Terminologia e inganno del consumatore

  Giovedì, 15 Giugno, 2017 - 11:31

La terminologia utilizzata per identificare i prodotti che troviamo sugli scaffali dei supermercati incide profondamente sulle abitudini di acquisto.

E forte è la confusione generata dall’uso della parola latte per bevande vegetali.

"Se i prodotti vegetariani e vegani non possono essere chiamati con nomi di alimenti di origine animale - commenta Coldiretti - si pone fine all'inganno che riguarda il 7,6% degli italiani che seguono questo tipo di diete".

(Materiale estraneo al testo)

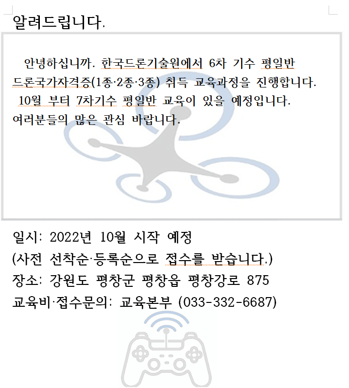 한국드론기술원 교육본부 033-332-6687로 연락.

Un mercato spinto dalle intolleranze ma alimentato anche dalle fake news diffuse in rete secondo le quali il latte sarebbe dannoso. In realtà il latte di mucca, capra o pecora rientra da migliaia di anni nella dieta umana, al punto che il genoma si è modificato per consentire anche in età adulta la produzione dell’enzima deputato a scindere il lattosio, lo zucchero del latte.

Il filone di pensiero che ritiene opportuno bandire i latticini dall’alimentazione poggia sul China Study, un’indagine epidemiologica svolta a partire dal 1983 in Cina, i cui risultati sono stati ritenuti inattendibili dalla comunità scientifica e dall’’Airc, l’Associazione italiana per la ricerca sul cancro.